◆ **Task statement**
All pictures must be dropped, while the entries are given again word for word.
BEGIN
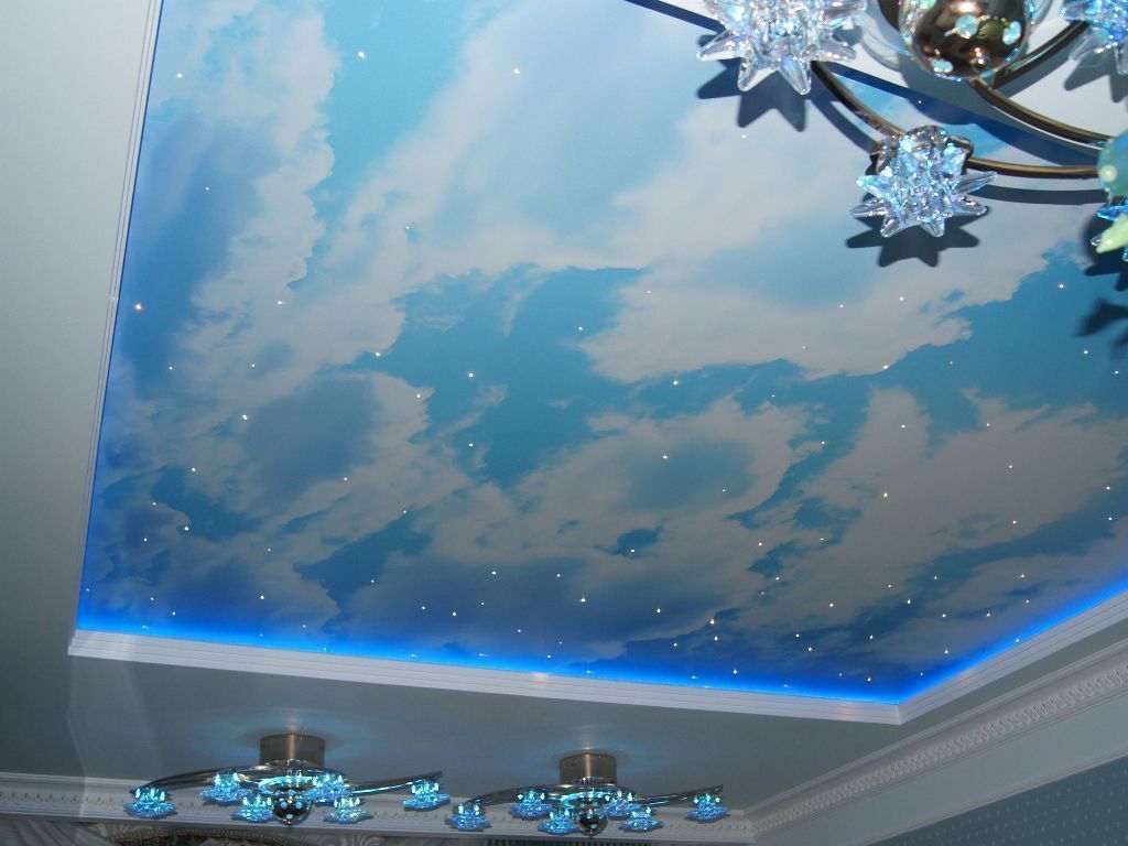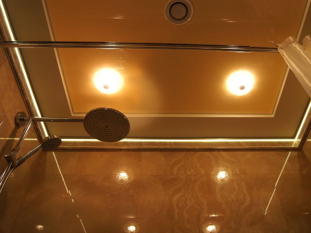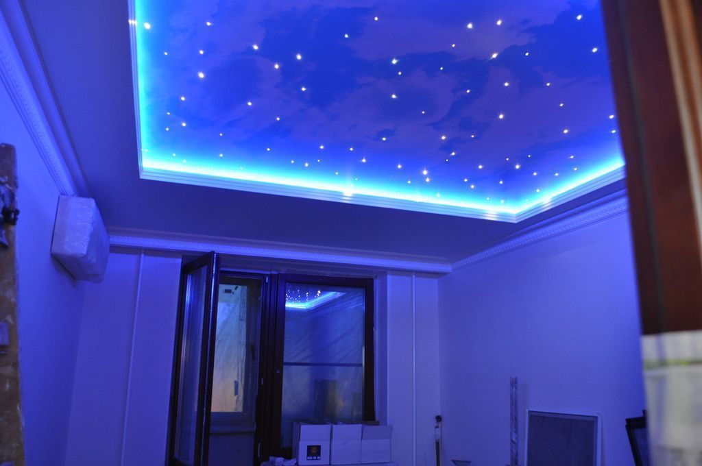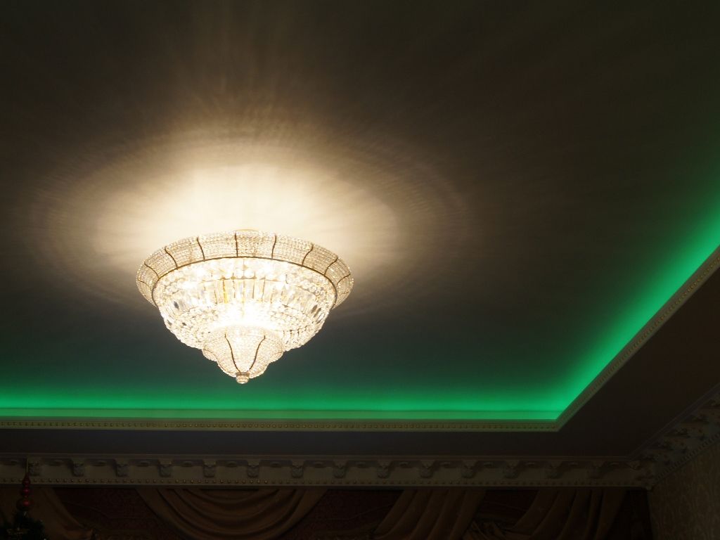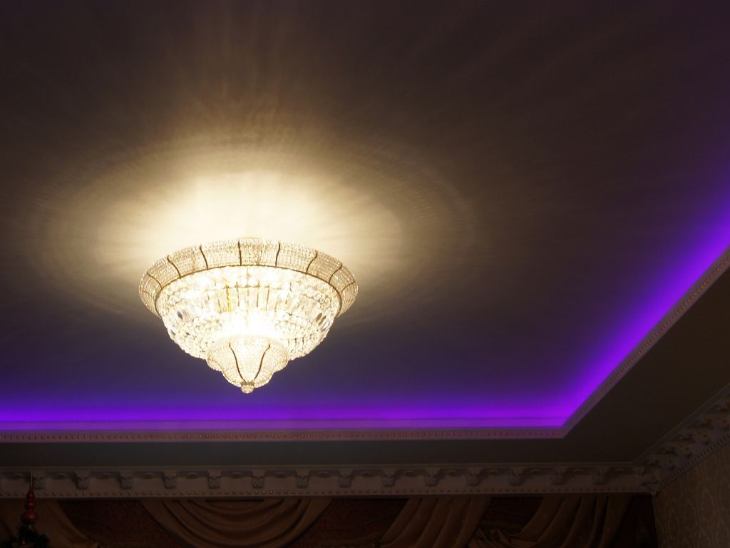 В данном проекте сочетание закарнизной многоцветной подсветки и основного освещения на основе классических люстр помогло создать особенный интерьер. Для освещения коридора были применены многоуровневые потолки со светодиодной RGB лентой. В детской комнате было создано звездное небо с многоцветной контурной подсветкой светодиодной лентой и необычными светильниками, меняющими свет за счет примененных в них RGB светодиодов.
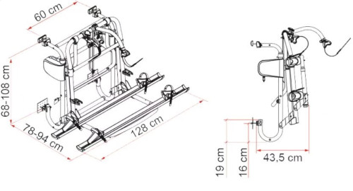 Flexibilní nastavení výšky. Se zkracovatelnou manévrovací tyčí a magnetickou spojkou. Pro přepravu až 4 standartních nebo 2 elektrokol.
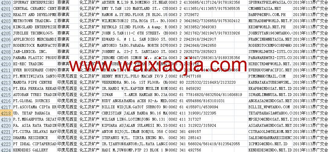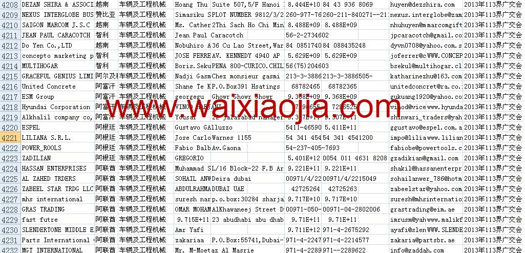 113屆廣交會采購商名單數據為Excel格式,信息可任意修改、復制、打印、導出及導入到傳真、郵件群發等軟件中,無任何限制。
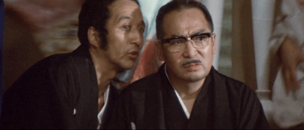 But the men still have important business to discuss. As Yamamori gallivants with geisha, and with Makihara the snitch peeking from afar, Takeda approaches Hirono to ask him to get his acquaintance Toyoda to officiate the new alliance. But Hirono and Matsunaga attempt to discourage Takeda, loudly commenting on the sorry state of the Yamamori family, not fit for an alliance and still courting two-bit players from rival families like Hayakawa (indeed, as Matsunaga notes, all the geisha are from Hayakawa‘s club).
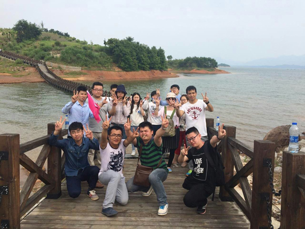 5月17日,大家在南昌統(tǒng)一集合,乘車出發(fā)前往廬山西海景區(qū),一路歡聲笑語,抵達景區(qū)后,全體人員立刻進入整隊分組環(huán)節(jié),推薦隊長、政委和旗手,選好隊歌,設計隊名、口號和LOGO。很快“王者隊”、“疾風隊” 等名字紛紛閃亮登場?!敖魉?,王者歸來”、“斧頭斧頭,兇如猛虎”等口號一次又一次迎來全場的陣陣歡呼。隨后進行了“一圈到底、鼓舞飛揚、能量傳遞、激情節(jié)拍、勇攀高峰、定向尋寶”6個比賽項目,大家一個個摩拳擦掌,爭當?shù)谝幻?,現(xiàn)場一派朝氣蓬勃、青春洋溢的氛圍。
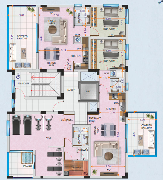 The building is complemented by premium lifestyle amenities, including a fully equipped gym, a sauna, and a communal swimming pool surrounded by a beautifully landscaped park. Each apartment benefits from a covered parking space and a private storage room on the ground floor, ensuring convenience and practicality.
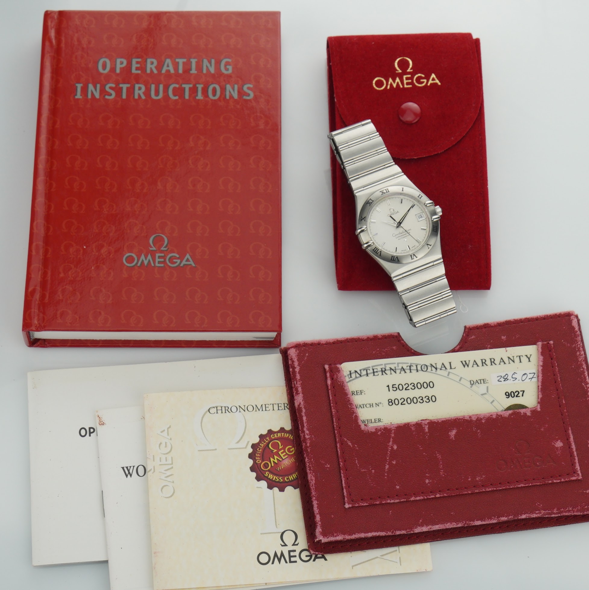 Additionally, the watch is accompanied by its original Omega warranty booklet, with warranty certificate and Omega watch pouch.
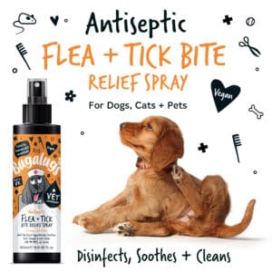 Onze verzachtende Vlooien- en Tekenbeet Relief Spray biedt uw huisdier onmiddellijke verlichting van jeukende, geïrriteerde en gebeten huid.
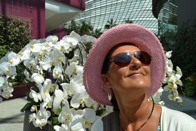 Keywords: leisure freedom travel woman face hat orchid sunshine look up
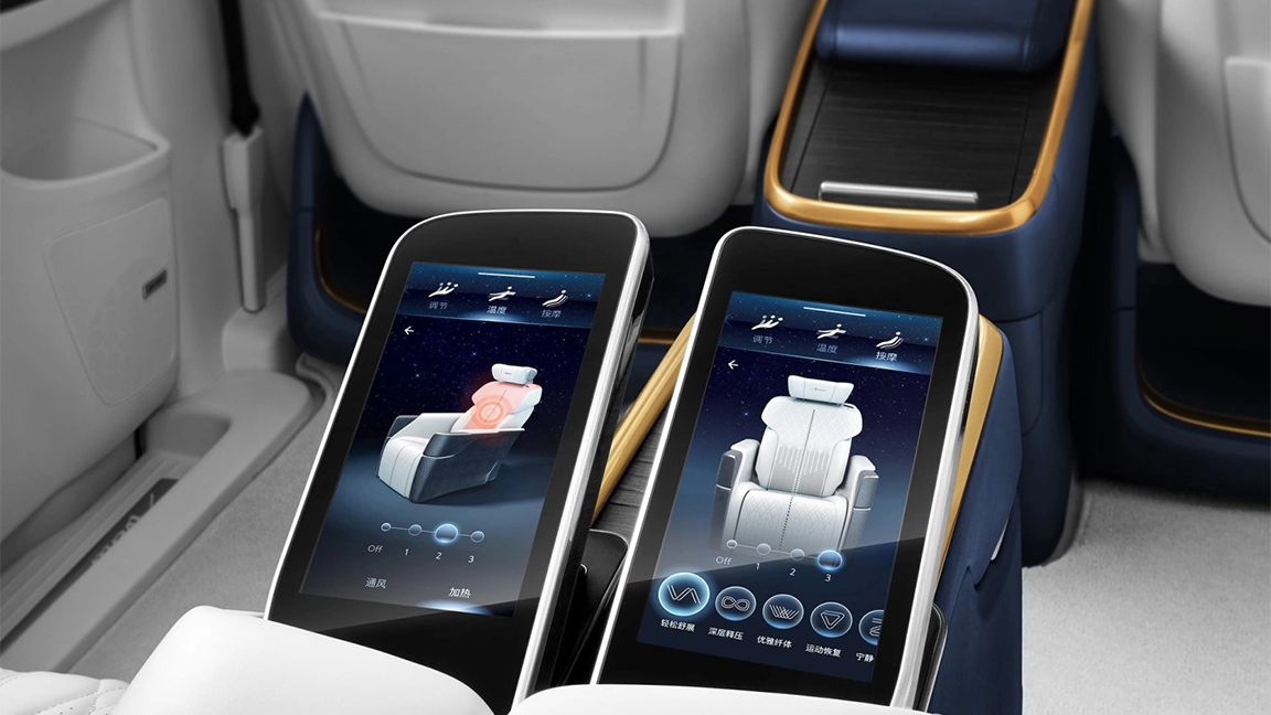 而后排座椅中间有两块独立的触控屏,它主要用于调节座椅和控制功能,在配置上提供座椅加热、通风、腿托加热以及带有8种模式的按摩功能等,而在触控屏前方还提供了手机无线充电功能。
END
◆ **Response area**
 В данном проекте сочетание закарнизной многоцветной подсветки и основного освещения на основе классических люстр помогло создать особенный интерьер. Для освещения коридора были применены многоуровневые потолки со светодиодной RGB лентой. В детской комнате было создано звездное небо с многоцветной контурной подсветкой светодиодной лентой и необычными светильниками, меняющими свет за счет примененных в них RGB светодиодов.
 Flexibilní nastavení výšky. Se zkracovatelnou manévrovací tyčí a magnetickou spojkou. Pro přepravu až 4 standartních nebo 2 elektrokol.
 113屆廣交會采購商名單數據為Excel格式,信息可任意修改、復制、打印、導出及導入到傳真、郵件群發等軟件中,無任何限制。
 But the men still have important business to discuss. As Yamamori gallivants with geisha, and with Makihara the snitch peeking from afar, Takeda approaches Hirono to ask him to get his acquaintance Toyoda to officiate the new alliance. But Hirono and Matsunaga attempt to discourage Takeda, loudly commenting on the sorry state of the Yamamori family, not fit for an alliance and still courting two-bit players from rival families like Hayakawa (indeed, as Matsunaga notes, all the geisha are from Hayakawa‘s club).
 5月17日,大家在南昌統(tǒng)一集合,乘車出發(fā)前往廬山西海景區(qū),一路歡聲笑語,抵達景區(qū)后,全體人員立刻進入整隊分組環(huán)節(jié),推薦隊長、政委和旗手,選好隊歌,設計隊名、口號和LOGO。很快“王者隊”、“疾風隊” 等名字紛紛閃亮登場?!敖魉?,王者歸來”、“斧頭斧頭,兇如猛虎”等口號一次又一次迎來全場的陣陣歡呼。隨后進行了“一圈到底、鼓舞飛揚、能量傳遞、激情節(jié)拍、勇攀高峰、定向尋寶”6個比賽項目,大家一個個摩拳擦掌,爭當?shù)谝幻?,現(xiàn)場一派朝氣蓬勃、青春洋溢的氛圍。
 The building is complemented by premium lifestyle amenities, including a fully equipped gym, a sauna, and a communal swimming pool surrounded by a beautifully landscaped park. Each apartment benefits from a covered parking space and a private storage room on the ground floor, ensuring convenience and practicality.
 Additionally, the watch is accompanied by its original Omega warranty booklet, with warranty certificate and Omega watch pouch.
 Onze verzachtende Vlooien- en Tekenbeet Relief Spray biedt uw huisdier onmiddellijke verlichting van jeukende, geïrriteerde en gebeten huid.
 Keywords: leisure freedom travel woman face hat orchid sunshine look up
 而后排座椅中间有两块独立的触控屏,它主要用于调节座椅和控制功能,在配置上提供座椅加热、通风、腿托加热以及带有8种模式的按摩功能等,而在触控屏前方还提供了手机无线充电功能。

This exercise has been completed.